1. Szczeniak. Część 3


    Data: 29.05.2018, Kategorie: Geje Autor: chuckygore, Źródło: Pornzone

    Szczeniak. Część 3.
    
    Od ostatnich wydarzeń w szkolnym składziku minął cały miesiąc. Gdzieś w centrum miasta w niedrogim, obskurnym moteliku leżał goły, młody chłopak imieniem Jacek. Był sam, rozmyślał. W pokoju unosił się zapach uprawianego wcześniej seksu, a na łóżku obok chłopaka leżało 200 zł. Niedawno z pomieszczenia wyszedł starszy mężczyzna, żegnając się powiedział.
    
    - Twoja dupeczka była niesamowita, jak zawsze, o to twoja nagroda.
    
    I zostawił obiecane pieniądze. Jacek zapalił papierosa i położył się na poduszce.
    
    - Wygląda na to, że w końcu do tego przywykłem.
    
    Jakiś czas później.
    
    Jacek był w pokoju motelowym, w tym, w którym ostatnimi czasy pojawiał się dość często.

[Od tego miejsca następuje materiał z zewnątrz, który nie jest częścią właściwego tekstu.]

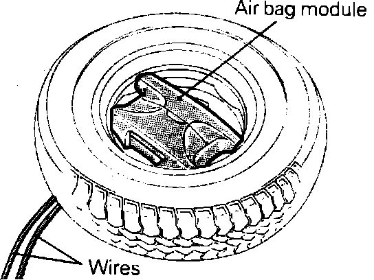 6. Pass adapter harness through a used tire and wheel and connect the harness to the airbag module. Using wires connected to bolts on module, secure airbag module to wheel and tire assembly keeping module pointed upward.
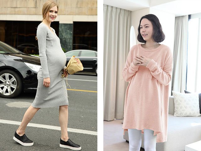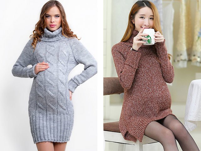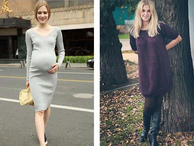 In any clothing there is a compositional center, and in the case of pregnant women, a rounded tummy is this center. Therefore, the styles of winter dresses are almost always plain with a light and delicate finish. Long models or high-waisted ideas that can be worn after childbirth are also great.
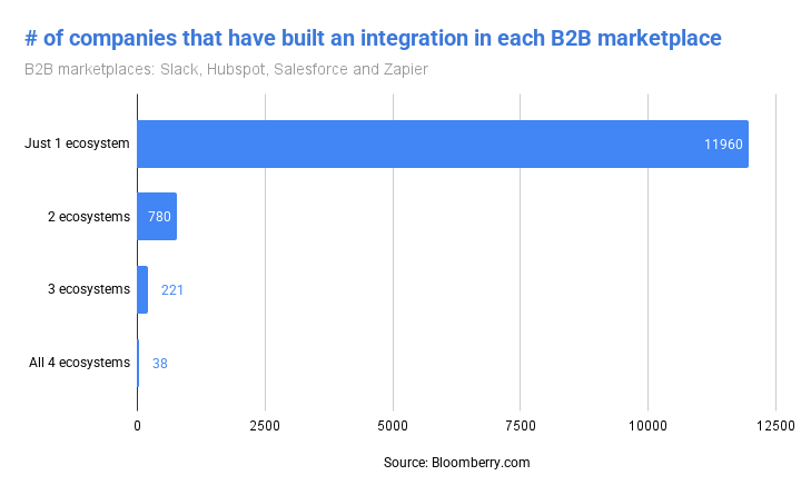 First off, of the 13,000+ companies that have made the commitment to build for a B2B ecosystem, 92% have done it in exactly one place. Only 6% have built for two ecosystems. Just 1.7% for three.

Był rozebrany, nie miał na sobie nic prócz psiej obroży i smyczy, za której koniec trzymał wysoki mężczyzna. Wysoki, męski 35-letni facet z twardą sterczącą 19-centymetrową pałą, zanim stał jego kolega, 30-letni szatyn z 18-centymetrowym kutasem w ręce. Obydwaj byli goli i bardzo podnieceni.
    
    - Zapłacicie mi podwójnie za ten rodzaj fetyszu. Jacek bawił się chwilę smyczą, poczuł mocne szarpnięcie na obroży.
    
    - Nie baw się psie. Psy mają być grzeczne. Siad na łóżko. Dostaniesz tyle kasy, ile chcesz, jeśli tylko będziesz się z nami bawił, tak jak my tego chcemy.
    
    Jacek usiadł na łóżku i grzecznie słuchał. Jeden z mężczyzn podszedł i zabrał się za robienie młodemu loda. Energicznie ssał mu łepek, równocześnie nawilżonego śliną palca wsadził chłopakowi w tyłek. Drugi facet podniósł stopę ...

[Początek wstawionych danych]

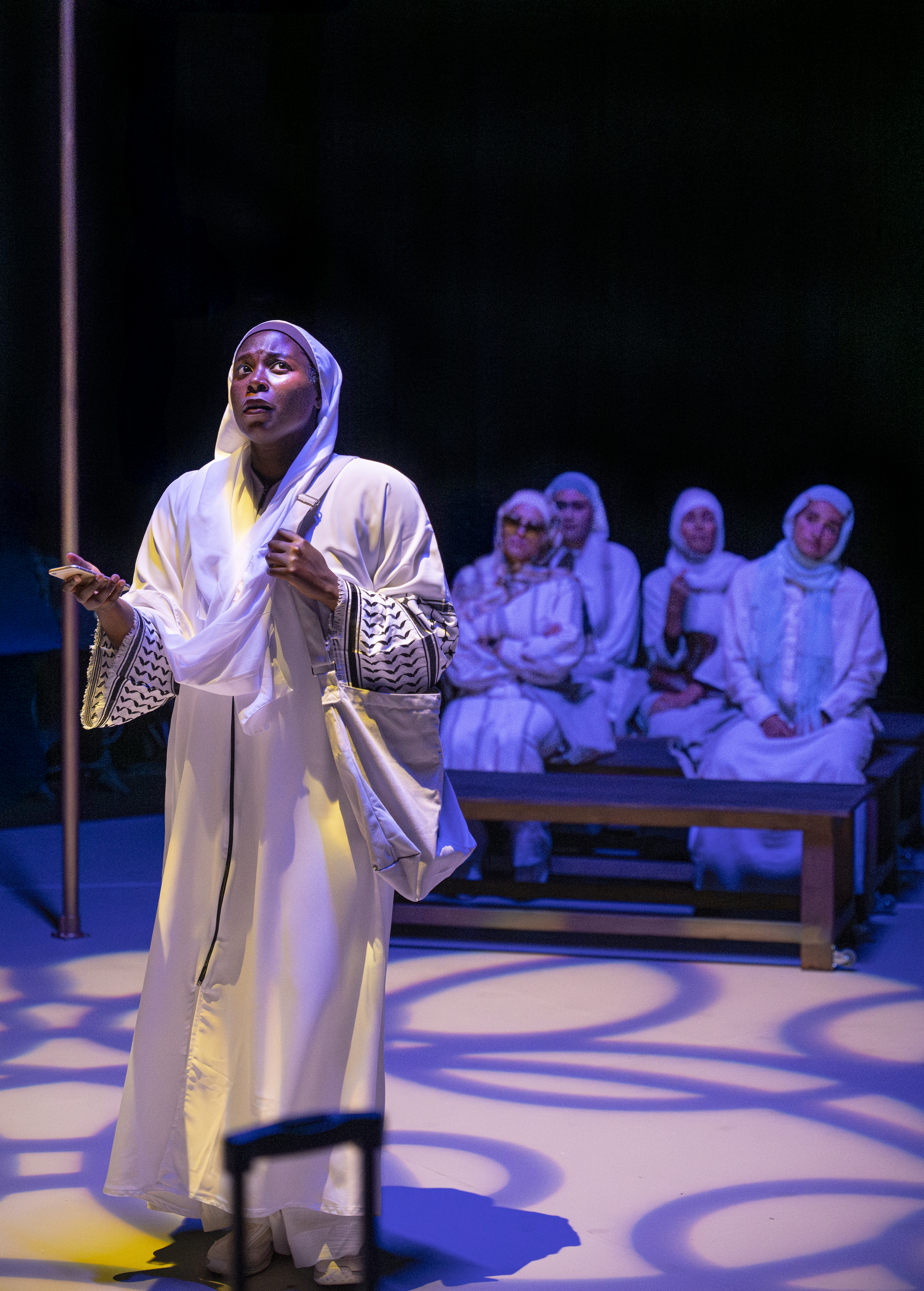 Jeunée Simon (Fatima) in Pilgrimage. A convert seeking belonging joins fellow pilgrims on a transformative journey. Presented by Golden Thread Productions and Z Space at Z Space’s Steindler Stage, Oct 24–Nov 9, 2025. Directed by Michelle Talgarow.

    ... Jacka i ssał wszystkie palce.
    
    - Mniam. Uwielbiam ten słodki chłopięcy zapach.
    
    Jackowi było mega dobrze. W tyłku jego dziurę rozciągały już dwa palce, kutas w całości pochłaniany był przez usta mężczyzny, który lubił się nim dławić, a palce u stopy lizane nawet po kilka naraz. Chłopak nie wytrzymał, trysnął dużą dawką spermy, która oblepiła mu brzuch i część klatki.
    
    - Dobra starczy tej rozgrzewki suczko. Czas na prawdziwą zabawę. Obaj zabrali się za niego. Jacek był w pozycji na czworakach. Wciąż miał na szyi obrożę, za jej koniec trzymał jeden z nich, który ruchał go teraz kutasem w usta. Pozwalał sobie na wiele, wsadzał całą długość, a załzawiona twarz chłopca potęgowała tylko jego podniecenie.
    
    - O tak! Dobrze nad nim pracujesz, nie przy każdym stałby tak jak przy tobie. Wyliż mi jaja psie.
    
    Drugi ruchał go w dupę. Jedną ręką trzymał biodro a drugą dawał mu klapsy w pupę, było widać na niej czerwony ślad ręki.
    
    - Ten szczyl jest wciąż ciasny. Co za nieziemskie dupsko.
    
    Ruchacz rytmicznie posuwał, jego pała już ładnie wchodziła. Dziura była rozjechana. Panowie wymienili się wzrokiem i zapewne przyszedł czas na coś, co wcześniej planowali.
    
    - Spróbujemy dzisiaj czegoś nowego.
    
    Zabawa na chwilę ustała. Jeden położył się na łóżku, na plecach. Jacek chciał coś powiedzieć, ale nie zdążył, bo szybkim szarpnięciem smyczy został pociągnięty przez drugiego. Podniósł chłopaka do góry i usadowił dziurą wprost na wystającego kutasa tego, co leżał na łóżku. Miał w sobie ...
«12»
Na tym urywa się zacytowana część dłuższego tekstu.